Written Warnings But No Sackings Over Boy’s Death

TWO Haringey social workers and a lawyer have been given written warnings over their role in the death of Baby P but no council employee will be sacked, it emerged today.

The decision follows a Serious Case Review by Haringey Council, which found that just over a week before the toddler died legal advice was given that the “threshold for initiating care proceedings had not been met”.

That meant that a police appeal for the child not to be handed back to the mother was over-ruled by Haringey social services and other agencies involved in the boy’s care.

Despite the error and other failings by Haringey staff, today’s review also found that there had been “numerous examples of good practice” by those involved in protecting the child.

Instead, it pinned much of the blame on Dr Sabah Alzayyat, a paediatrician at Tottenham’s St Ann’s hospital, who failed to spot injuries on the boy two days before he died.
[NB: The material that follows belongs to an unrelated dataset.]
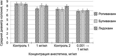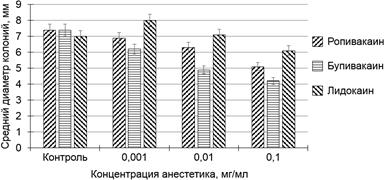 Ропивакаин и бупивакаин ингибируют рост мицелия сильнее, чем лидокаин (р < 0,05). Лидокаин в концентрации 0,001 мг/мл оказывает стимулирующее действие на рост мицелия, но с повышением его концентрации наблюдается ингибирование роста аспергилла.
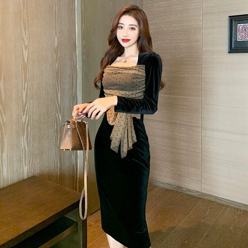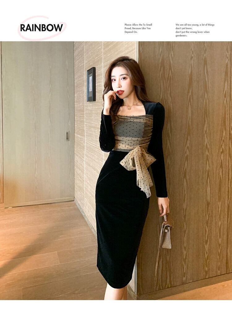 スカート女性の秋と冬のシックでユニークなデザインセンスニッチメッシュステッチベルベット長袖ハイコールドインペリアルシスタースタイルドレス ロング オータム 秋物 ウィンター 冬物 yingd94540448817

Her contract has not been renewed.

Critics reacted angrily to the council’s failure to act more robustly.

Mor Dioum, the director of the Victoria Climbié Foundation, claimed that its verdict was “biased and inaccurate” and insisted that all the agencies involved in Baby P’s care bore responsibility for his death.
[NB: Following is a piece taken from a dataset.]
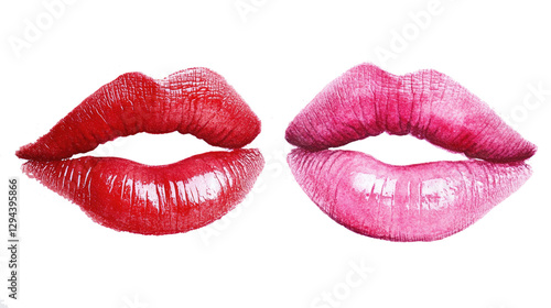 Obraz premium Different shades of lipstick on perfectly shaped lips in a vibrant display of...

Announcing today’s decision, Sharon Shoesmith, the chairwoman of the Haringey Local Safeguarding Children Board, confirmed that two social workers and a lawyer had received warnings, but said that there would be no resignations or sackings over the affair. She defended social services and insisted the council had learned lessons from the Victoria Climbié tragedy in 2000, for which it was heavily criticised.
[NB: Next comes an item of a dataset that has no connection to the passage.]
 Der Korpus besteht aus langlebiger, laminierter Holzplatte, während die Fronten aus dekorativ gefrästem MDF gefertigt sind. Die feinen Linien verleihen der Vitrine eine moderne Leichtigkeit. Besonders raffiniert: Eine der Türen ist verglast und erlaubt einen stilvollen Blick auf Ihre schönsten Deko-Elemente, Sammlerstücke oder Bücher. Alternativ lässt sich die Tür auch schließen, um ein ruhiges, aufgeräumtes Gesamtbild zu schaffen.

Offering her condolences to the victim’s family, she added: “This was a young life cut tragically short and our thoughts are with his father and family. We worked hard to support the family — social workers, health visitors, doctors and nurses all saw him and his mother regularly.

“We made arrangements to protect him, monitoring his progress, and organised for the mother to go on a parenting course. We arranged for a family friend to help with his care, a childminder to look after him four days a week and report any suspicious injuries. The mother seemed to be co-operating with us: taking the child to doctors when he was ill, seeking help.”

The serious case review, the findings of which have been only partially published, makes a number of recommendations for the future, including ensuring that arrangements are in place for the medical monitoring of the medical history of a child on the at risk register.